:: The task ::
Your job is to retype the records exactly while dropping every picture.

=-=-=-=-=

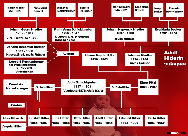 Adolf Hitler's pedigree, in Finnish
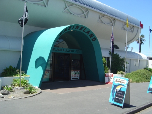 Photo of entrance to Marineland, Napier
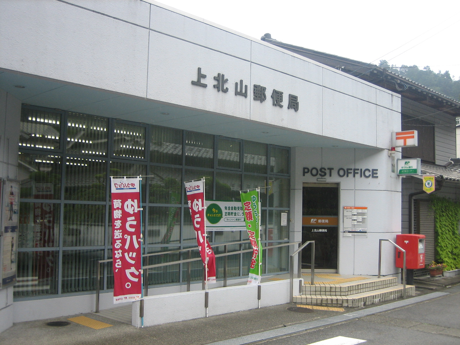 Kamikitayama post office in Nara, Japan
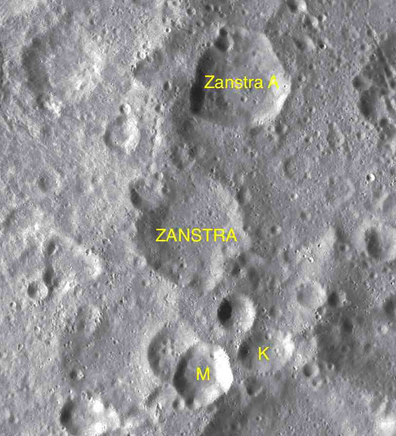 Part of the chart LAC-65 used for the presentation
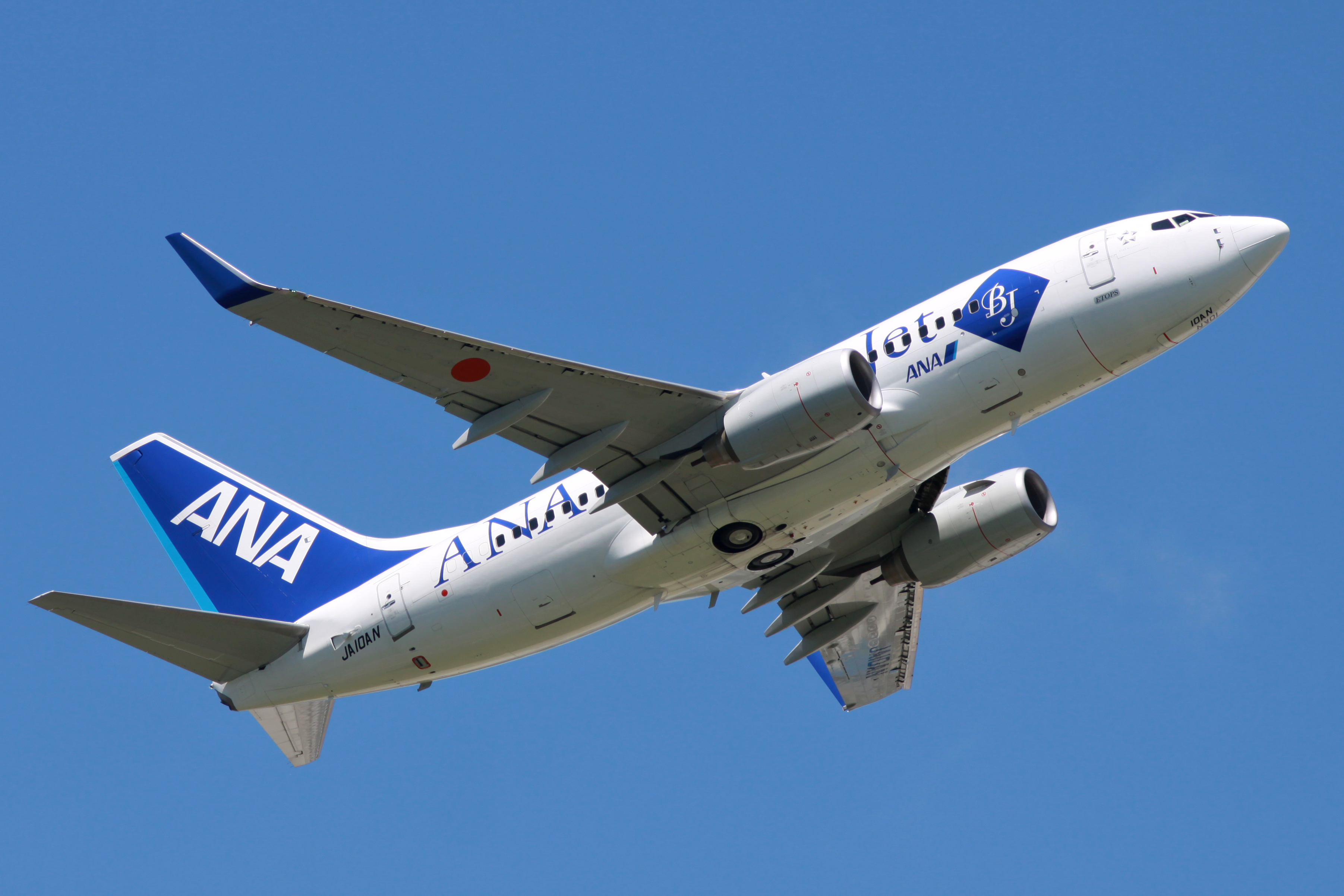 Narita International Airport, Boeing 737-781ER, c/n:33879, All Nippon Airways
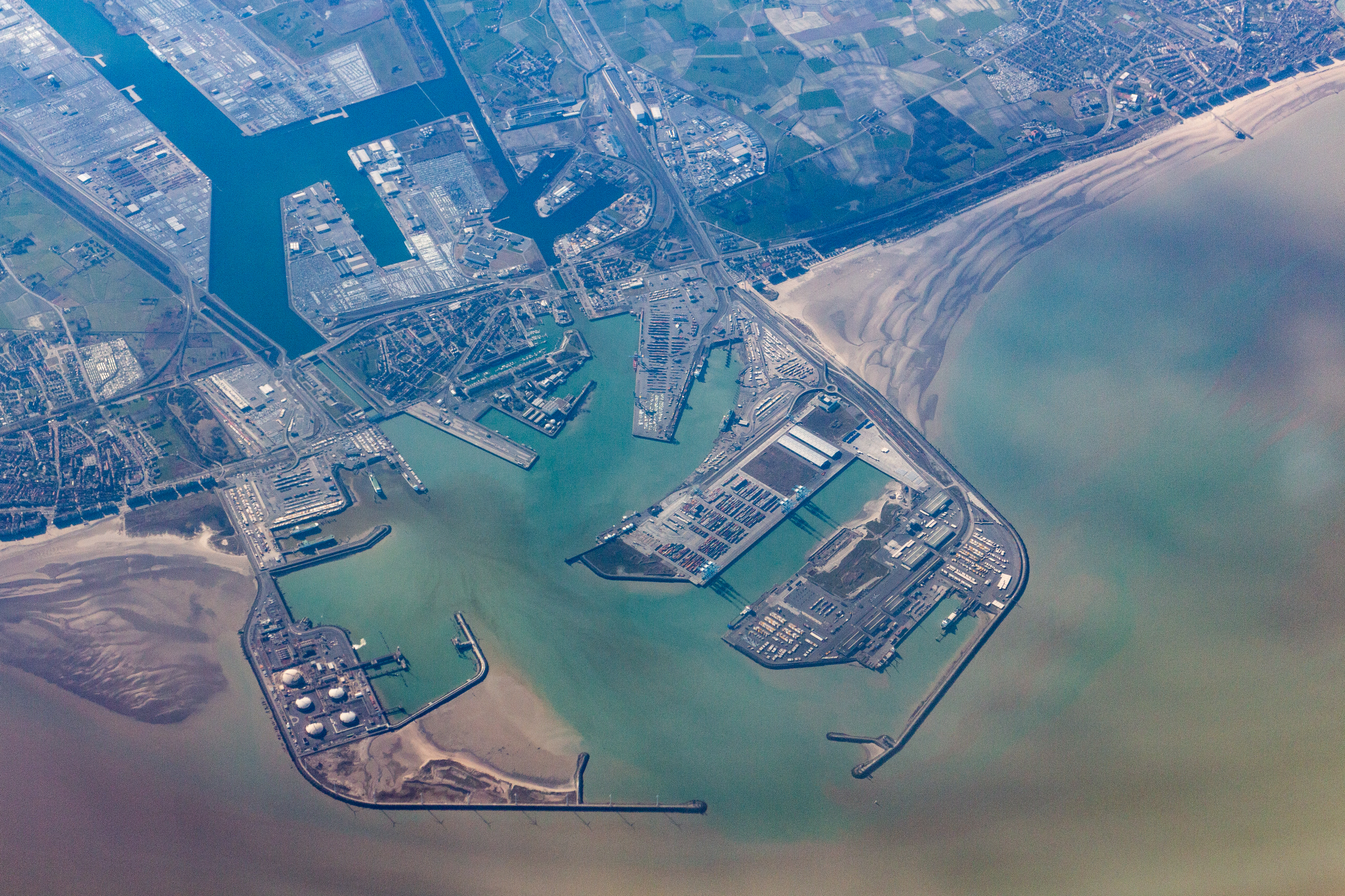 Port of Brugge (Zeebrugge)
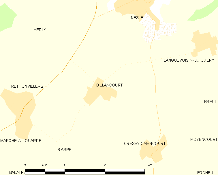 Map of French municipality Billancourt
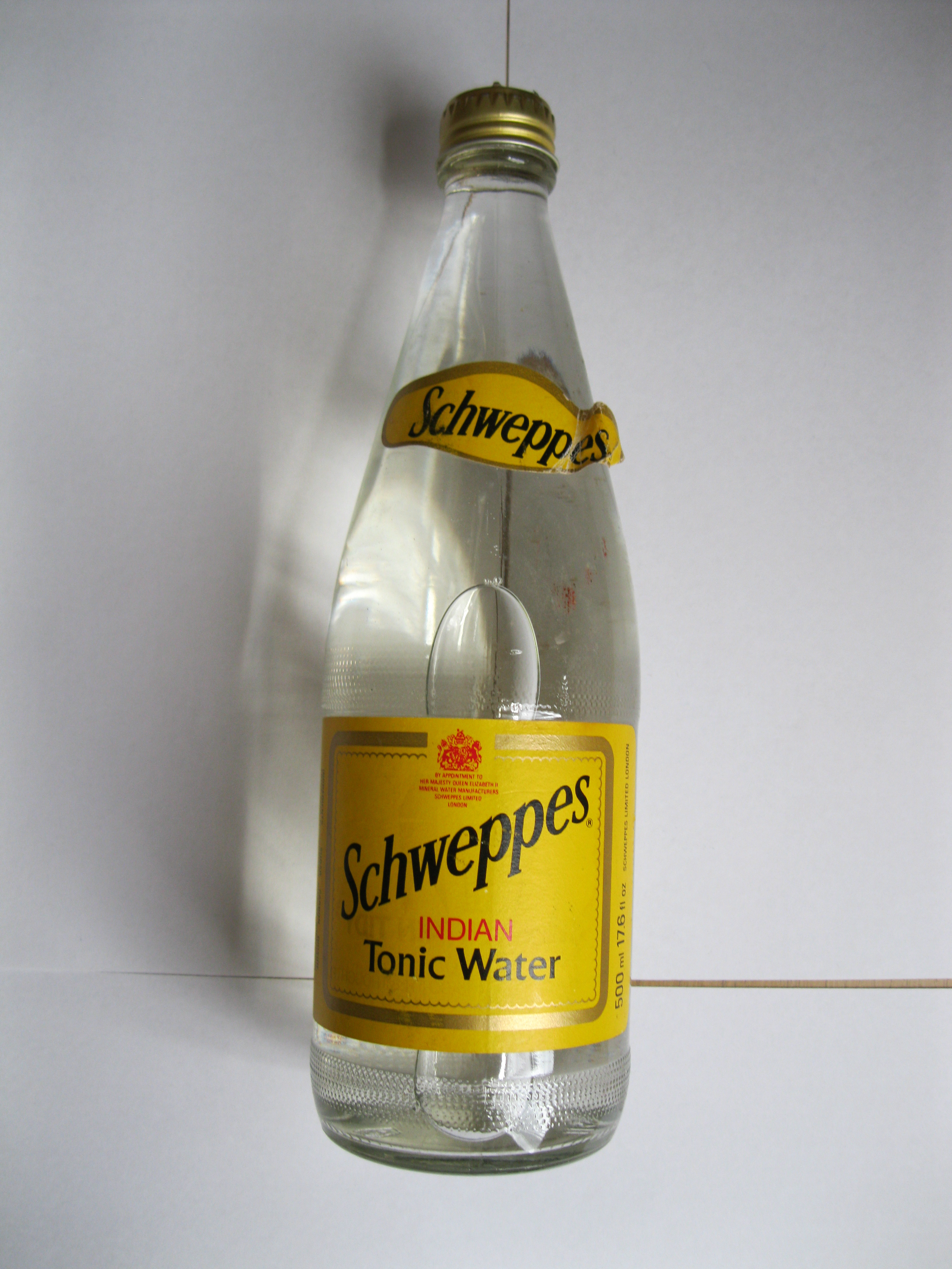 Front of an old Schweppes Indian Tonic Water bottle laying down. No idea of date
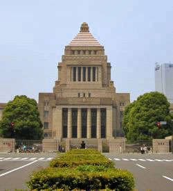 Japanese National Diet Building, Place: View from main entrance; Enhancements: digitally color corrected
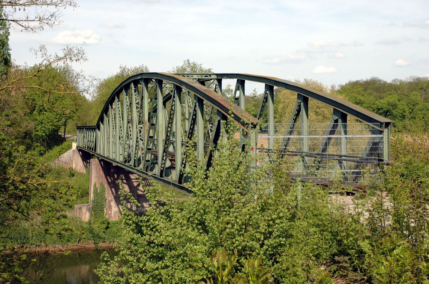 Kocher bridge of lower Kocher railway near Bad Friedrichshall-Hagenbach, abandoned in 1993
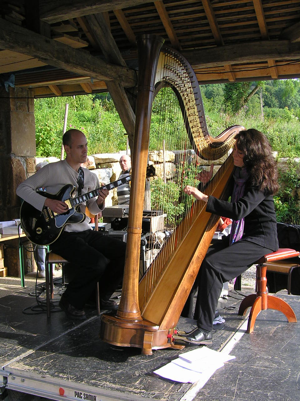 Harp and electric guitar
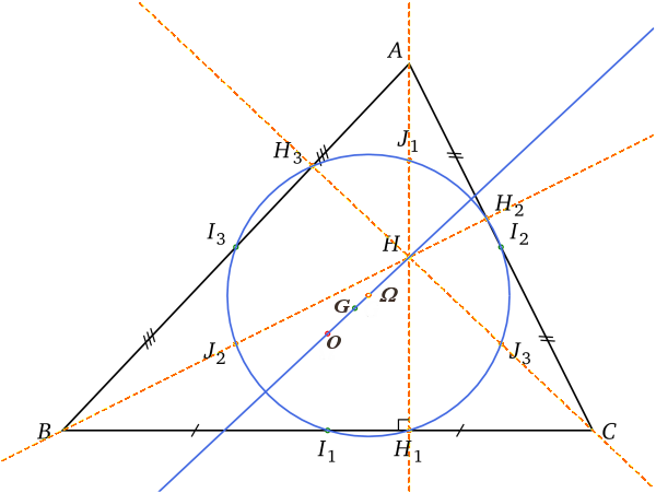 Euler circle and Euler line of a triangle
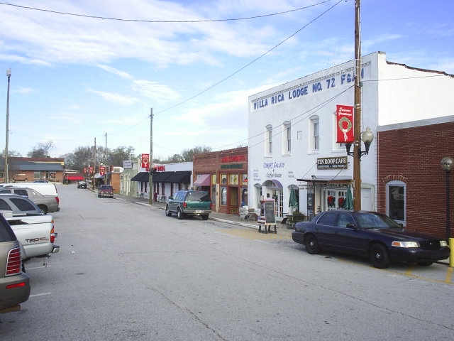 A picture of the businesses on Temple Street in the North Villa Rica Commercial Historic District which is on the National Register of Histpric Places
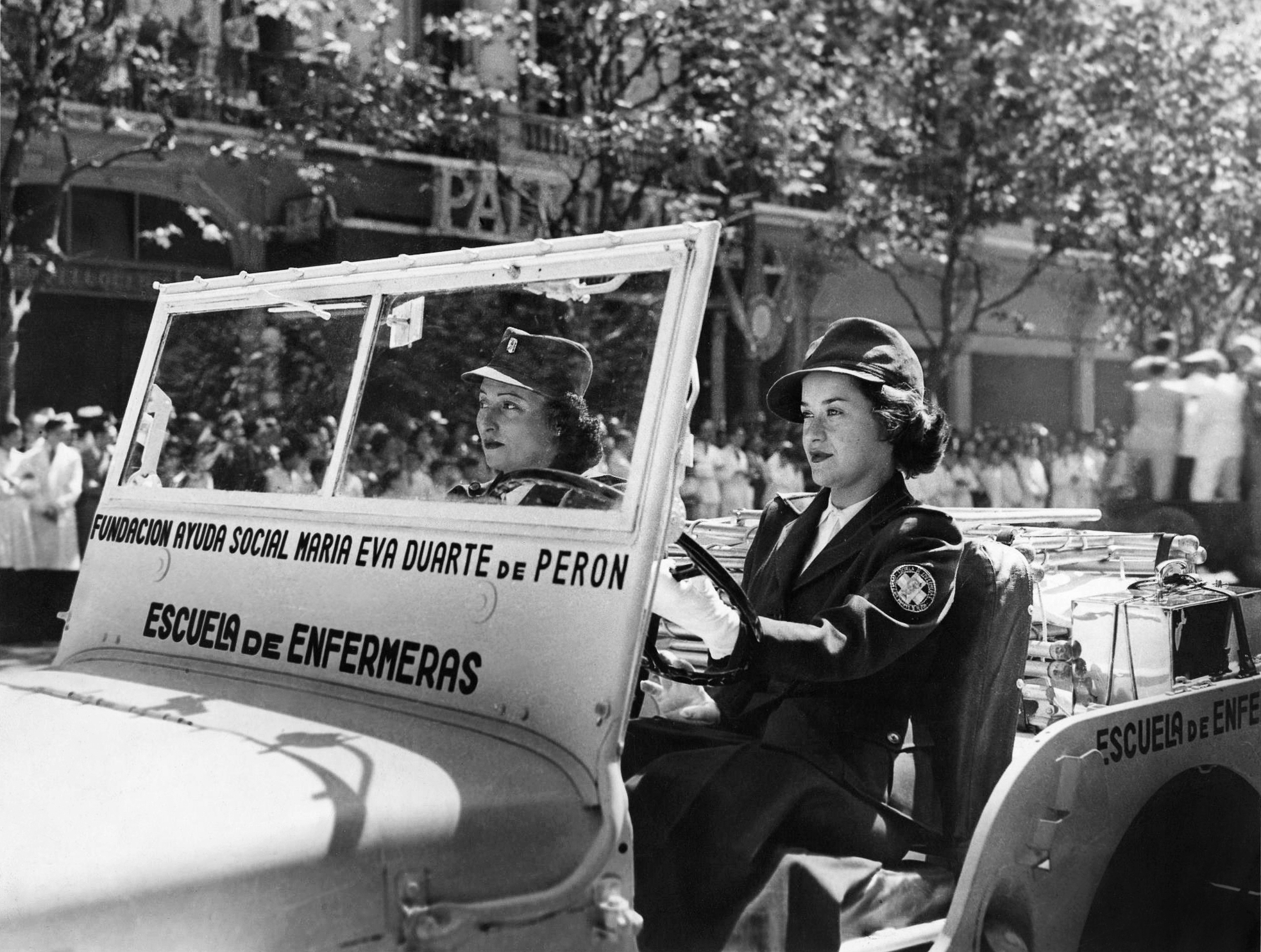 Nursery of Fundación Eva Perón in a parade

=-=-=-=-=

:: Exercise solution ::
 Adolf Hitler's pedigree, in Finnish
 Photo of entrance to Marineland, Napier
 Kamikitayama post office in Nara, Japan
 Part of the chart LAC-65 used for the presentation
 Narita International Airport, Boeing 737-781ER, c/n:33879, All Nippon Airways
 Port of Brugge (Zeebrugge)
 Map of French municipality Billancourt
 Front of an old Schweppes Indian Tonic Water bottle laying down. No idea of date
 Japanese National Diet Building, Place: View from main entrance; Enhancements: digitally color corrected
 Kocher bridge of lower Kocher railway near Bad Friedrichshall-Hagenbach, abandoned in 1993
 Harp and electric guitar
 Euler circle and Euler line of a triangle
 A picture of the businesses on Temple Street in the North Villa Rica Commercial Historic District which is on the National Register of Histpric Places
 Nursery of Fundación Eva Perón in a parade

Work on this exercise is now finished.